How to Keep Bird Baths Thawed

Birds drink water all year, and it’s important to try to maintain a water source during the cold winter months. As a good bird host, you’ll need to pay special attention to keeping extra water sources unfrozen.

Here are some easy tips that will keep your wild birds’ water thawed:

1. Place your bird bath where it will receive a good dose of sunshine to keep it from icing over. You could also place it on the south side of the house and out of the wind.

2. If you plan to use a heater or pump, be sure to locate the bath near electricity.

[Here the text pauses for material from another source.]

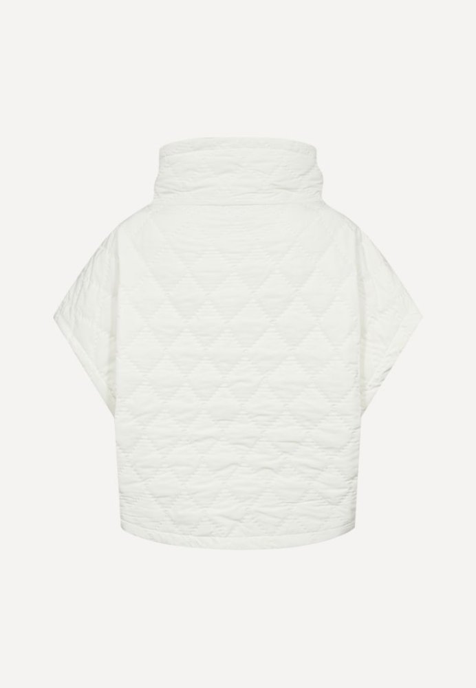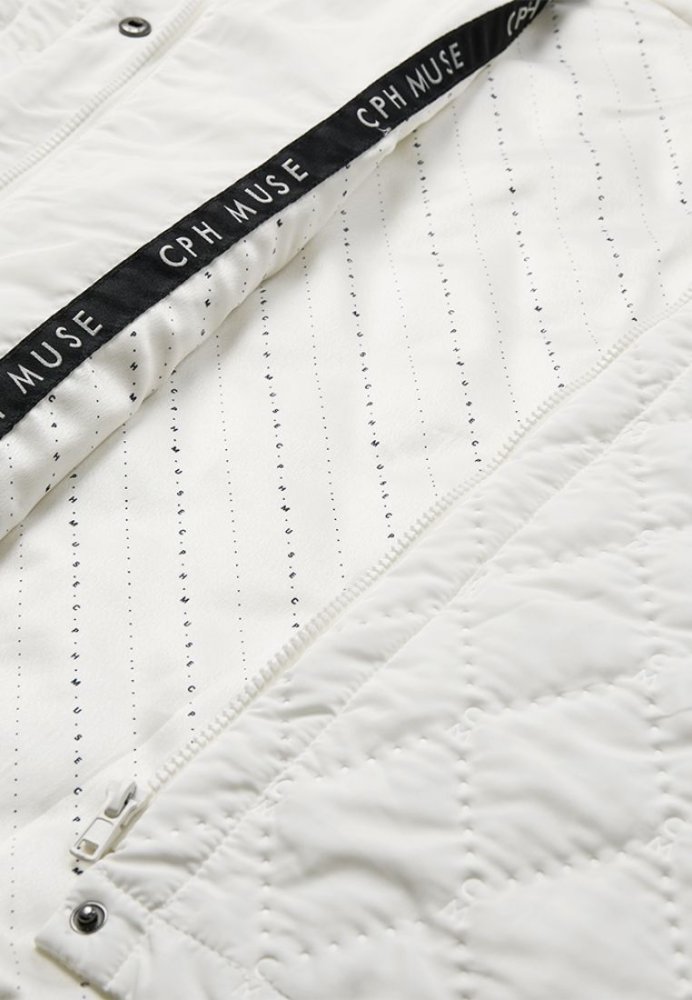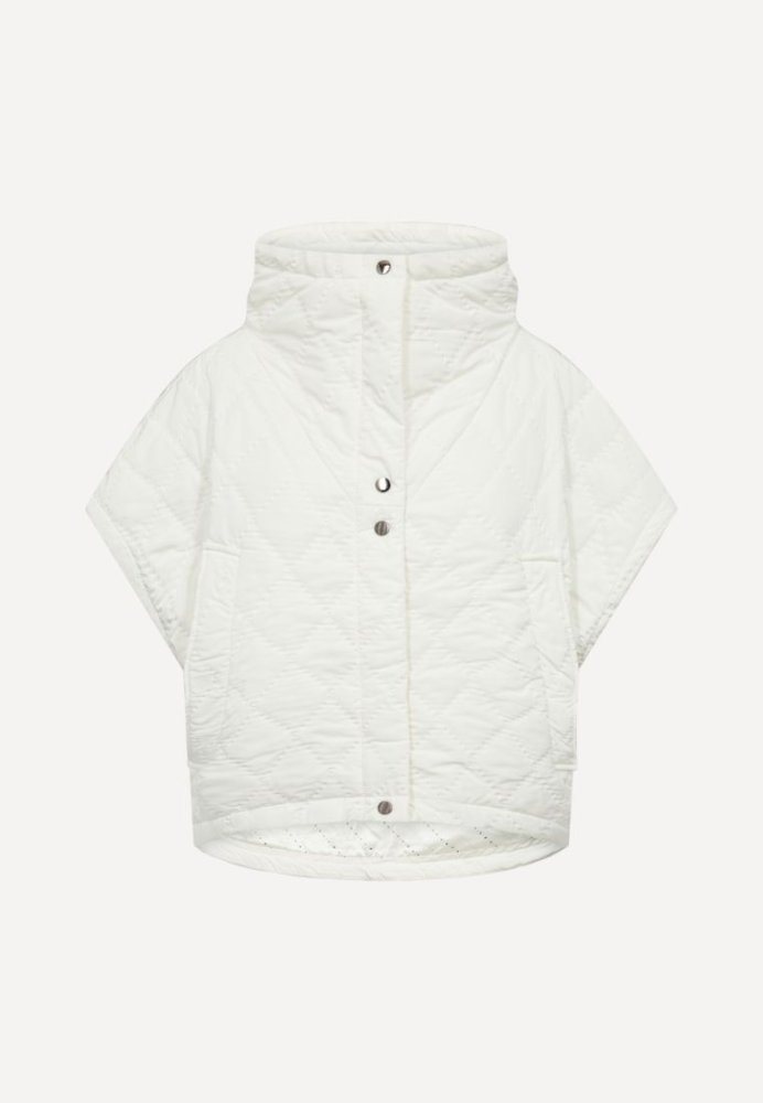 CMNET Cape er en let vatteret kappe i en mat, vævet polyester med et moderne og funktionelt udtryk. Den boxy silhuet med brede skuldre og høj, vatteret krave giver et markant look, mens det varmefikserede quiltmønster med monogram tilfører et eksklusivt touch. Skjulte trykknapper og lynlås under stolpen sikrer et rent design, og de diskrete frontlommer understreger kappens praktiske detaljer. Den afrundede bund og lynlåse i sidesømmene giver ekstra bevægelsesfrihed og fleksibilitet.

3. Remember that you’ll need to walk to your bath to fill it when the snow is deep, so choose a spot with easy access. Garden hoses are out of the question in winter, and unless you have a water faucet next to your bath, you probably won’t enjoy trudging through deep snow toting a bucket of water.

4. Consider buying a bird bath with a built-in heater or, in somewhat milder climates, a built-in aerating pump.

5. You can simply fill your regular birdbath with hot water, if you don’t want to invest in a heater.

6. A black bird bath will warm up faster in the sun than lighter-colored baths.

7. You can also cover your bird bath at night with a piece of swimming-pool solar cover to help prevent heat loss.

8. Try using a moving float in your birdbath, such as a plastic milk jug tied to a rock for an anchor. The bobbing action will keep the water open in the same way a duck paddling atop icy water keeps the water from freezing.

9. If your winter weather conditions are extremely harsh, prevent the birds from bathing because their feathers might freeze before they can dry. Cover your birdbath with a plywood platform, with a small hole cut out for drinking, or place of section of pool liner or other cover over part of your bath to create a smaller opening. Add weights to the edges of the cover or tie it on securely so it won’t blow or flap in the wind.

Read more: Nature, Nature & Wildlife

Adapted from Natural Gardening for Birds by Julie Zickefoose and the Editors and Writers of Bird Watcher’s Digest (Rodale Press, 2001). Copyright (c) 2001 by Julie Zickefoose. Reprinted by permission of Rodale Press.
Adapted from Natural Gardening for Birds by Julie Zickefoose and the Editors and Writers of Bird Watcher's Digest (Rodale Press, 2001).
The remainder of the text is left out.